I’ll go through Rick’s material and intersperse some comments.

Here’s section 4.4 of Rick’s book:

The determination of whether Texas Hold’em is primarily a game of luck or skill has recently become the subject of intense legal debate. Complicating things is the fact that the terms luck and skill are extremely difficult to define. Surprisingly, rigorous definitions of these terms appear to have eluded most books and journal articles on game theory. A few articles have defined skill in terms of the variance in results among different players, with the idea that players should perform more similarly if a game is mostly based on luck, but their results might differ more substantially if the game is based on skill. Another definition of skill is the extent to which players can improve, and it has been shown that poker does indeed possess a significant amount of this feature (e.g. Dedonno and Detterman, 2008). Others have defined skill in terms of the variation in a given player’s results, since less variation would indicate that fewer repetitions are necessary in order to determine the statistical significance of one’s long-term edge in the game, and hence the sooner one can establish that one’s average profits or losses are primarily due to skill rather than short term luck.

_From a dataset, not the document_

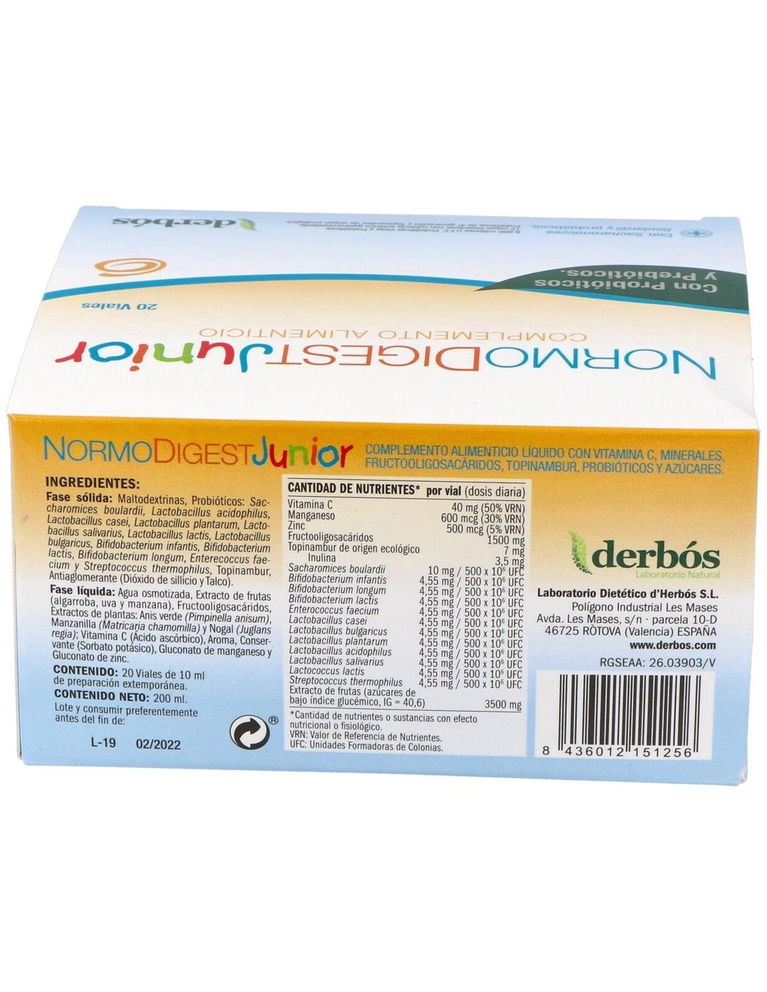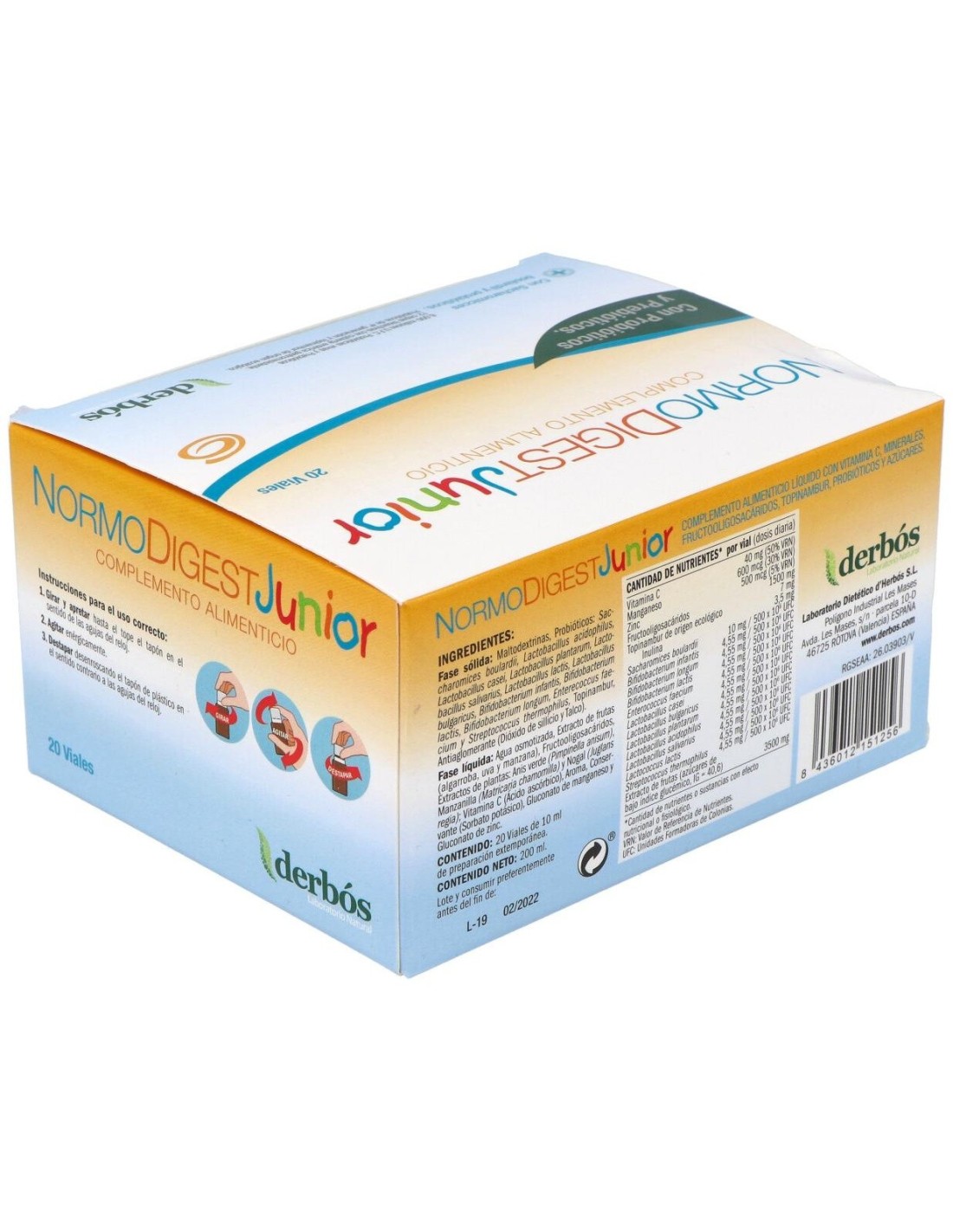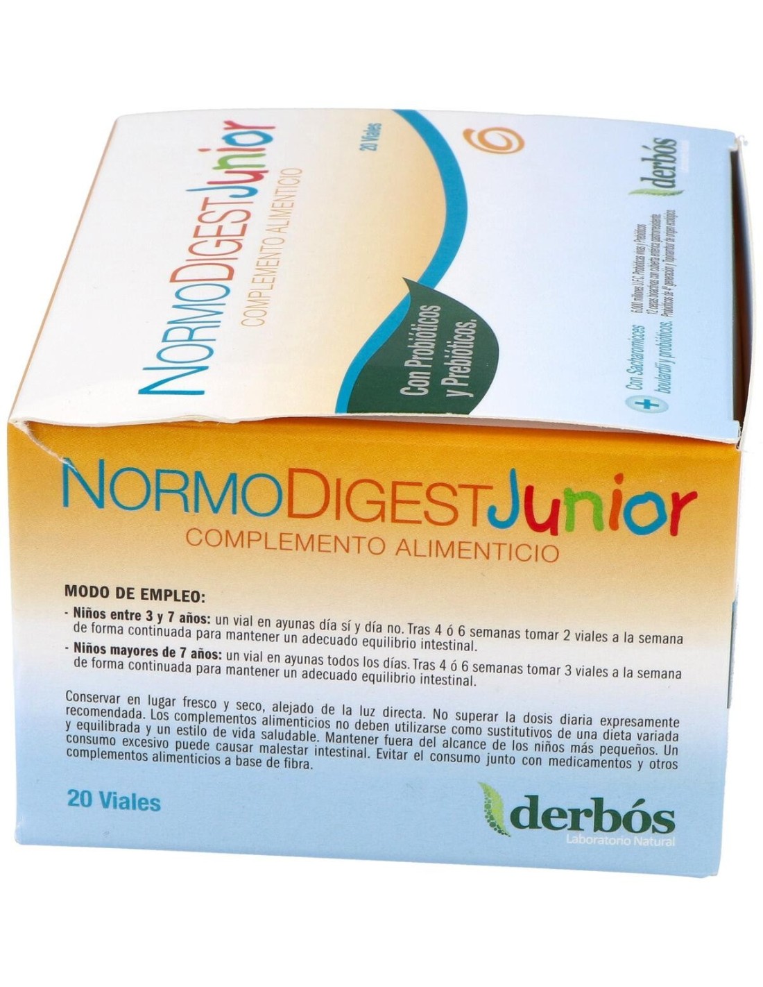 Derbos Normodigest Junior es un complemento alimenticio ayuda a activar la flora intestinal. Su fórmula con cepas bioactivas de bifidus y lactobacilos contribuye a la mejora de la asimilación de los alimentos y al refuerzo del sistema inmunitario.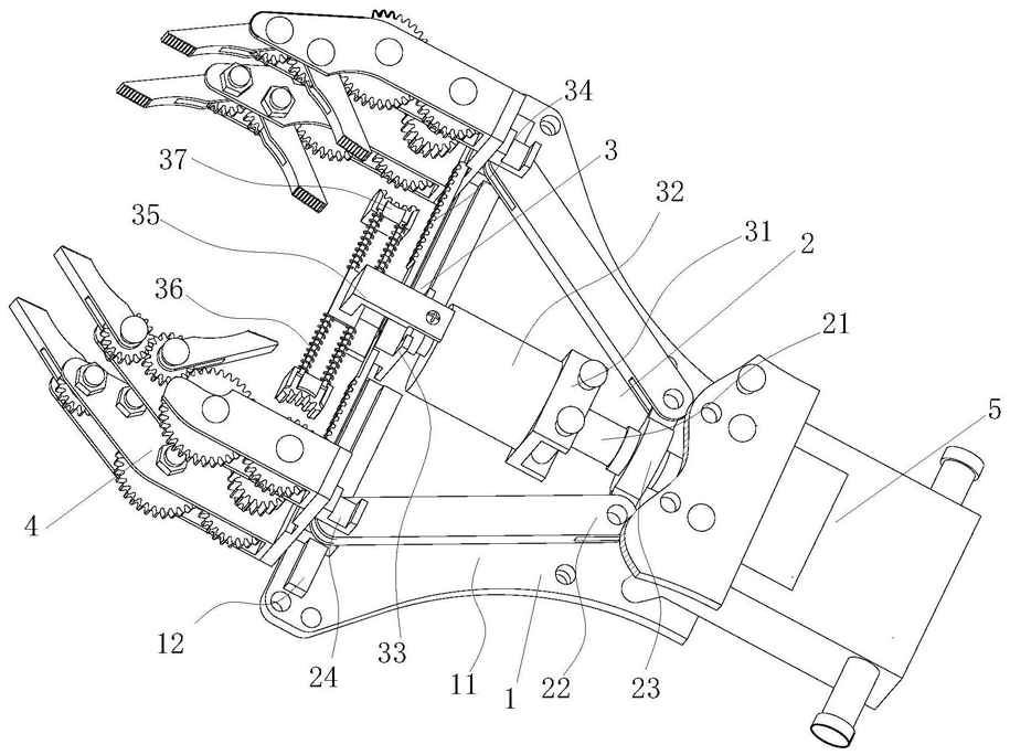 所述的夹持体一与夹持体二安装在连接螺杆的两端;所述的夹持体一与夹持体二的结构相同,其包括夹持体安装架、齿轮二、齿轮三、下夹持指、齿轮四、扭力弹簧、上夹持指,所述的齿轮二位于夹持体安装架的内部,通过键连接在连接螺杆上,所述的齿轮三通过螺栓连接在夹持体安装架上,所述的齿轮四为两个,分别与上夹持指和下夹持指固连在一起,所述的上夹持指通过螺栓连接在夹持体安装架上,所述的下夹持指通过螺栓连接在夹持体安装架上,所述的扭力弹簧的两端分别固连在上夹持指和下夹持指上。

These definitions above are obviously extremely problematic for various reasons. One is that they rely on the game in question being played repeatedly before even a crude assessment of luck or skill could be made. More importantly, there are many contests of skill wherein the differences between players are small, or where one’s results vary wildly. For instance, in Olympic trials of 100-meter sprints, the differences between finishers are typically quite small, often just hundredths of a second. This hardly implies that the results are based on luck. There are also sporting events where an individual’s results might vary widely from one day to another, e.g. pitching in baseball, but that hardly means that luck plays a major role.

Regarding the quantification of the amount of luck or skill in a particular game of poker, a possibility might be to define luck as equity gained when cards are dealt by the dealer, and skill as equity gained by one’s actions during the betting rounds. (Recall that equity was defined in Section 4.3 as the product cp.) That is, there are several reasons you might gain equity during a hand:

* The cards dealt by the dealer (whether the players’ hole cards or the flop, turn, or river) give you a greater chance of winning the hand in a showdown,

* The size of the pot is increased while your chance to win the hand in a showdown is better than that of your opponent(s).

* By betting, you get others to fold and thus win a pot that you might otherwise have lost.

Certainly, anyone would characterize the first case as luck, unless perhaps one believes in ESP or time travel.

Uh oh. Daryl Bem’s getting off the bus right here, I think!

Thus [Rick continues], a possible way to estimate the skill in poker can be obtained by looking at the second and third cases above. That is, we may view one’s skill as being comprised of the equity that one gains during the betting rounds, whereas luck is equity gained by the deal of the cards. The nice thing about this is that it is easily quantifiable, and one may dissect a particular poker game and analyze how much equity each player gained due to luck or skill.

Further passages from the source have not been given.